As powerful a mind as Milan Kundera's is still prepared to go along with the lazy consensus that Tristram Shandy is "inadaptable", a theory happily disproved by A Cock And Bull Story. This was one where I waited for the DVD because I knew I'd want to explore the extra layers the format does so well (I'm expecting the commentary to be a gem); so far I've only seen the film itself, but it's perfect. All you need to do to adapt Tristram Shandy is make a film as chaotic, sprawling, human, self-indulgent and apparently undisciplined (but magnificently nuanced) as the book itself, one which wanders off and loses the book just as the book loses Tristram.

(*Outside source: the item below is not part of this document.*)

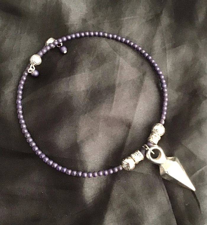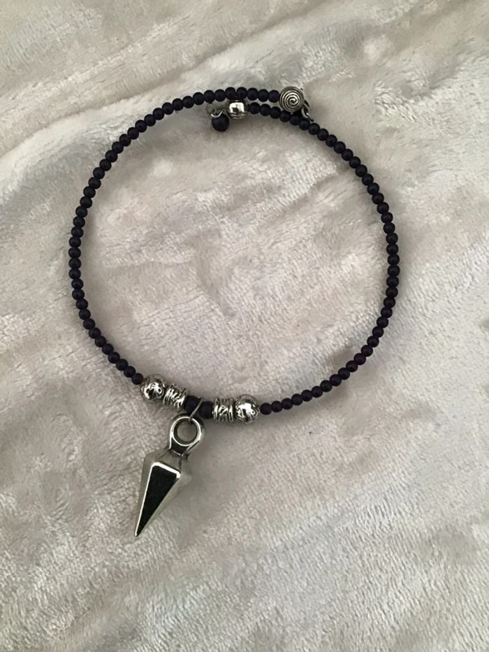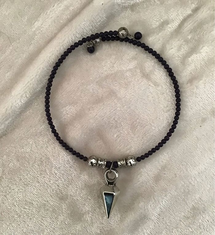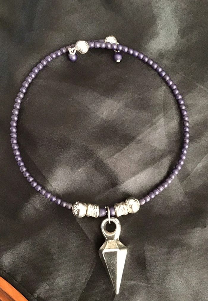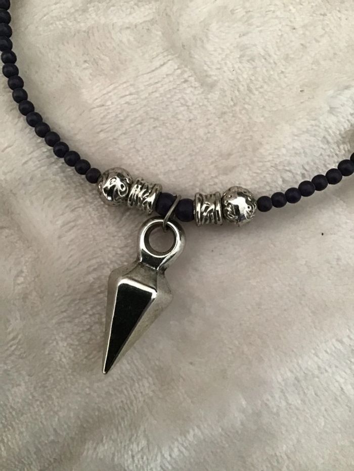 Tour de cou petites perles avec pendant géométrique Réglable car il se tend. S’adapte à tous les cous Très léger

And it helps that the cast is packed past the point of sense with top talent. I don't just mean the marquee names like Steve Coogan, Rob Brydon, Dylan Moran and Stephen Fry (magnificent though they all are); even minor roles are played by the Tory MP from The Thick Of It, Errol from 15 Storeys High, Ian Hart, James Fleet and the like.

"A man accused of a stealing underwear from a shop in a knifepoint raid believed he was a female elf at the time, Belfast Crown Court has heard." Fair enough, but of all the games to take over your life and corrode your reason - Shadowrun? Meanwhile, South Korea moves towards the real world implementation of Laws of Robotics, though since they seem to be proposing the pre-emptive prohibition of sexual human/robot relationships, it's a terrible start.

Listening to the new Arcade Fire album (streamed on nme.com for those of us unsure about buying it), I think I'm one of the moderates. Some of the early mutterings that they'd totally lost it are unfair, but it's certainly lacking in the electric 'What is this? It's awesome!' that I instantly got from Funeral. I suppose it's always hard to keep going at such an exalted level after you've hit with a debut that good - and even if you manage it on the second album, that'll only make the crash with the third that much worse; just ask Mike Skinner.
edit: Damn, I think I'm coming to the same conclusion about the second LCD Soundsystem, and I've heard nothing but good things about that one so was really looking forward to it. Still, hurrah for the brave new world where we can discover these things, legally, without paying a penny.

Would have very much liked to catch [livejournal.com profile] myfirstkitchen and Nemo at Tesco Disco tonight, or maybe Jason Webley again, but realistically I was never going anywhere except my bed.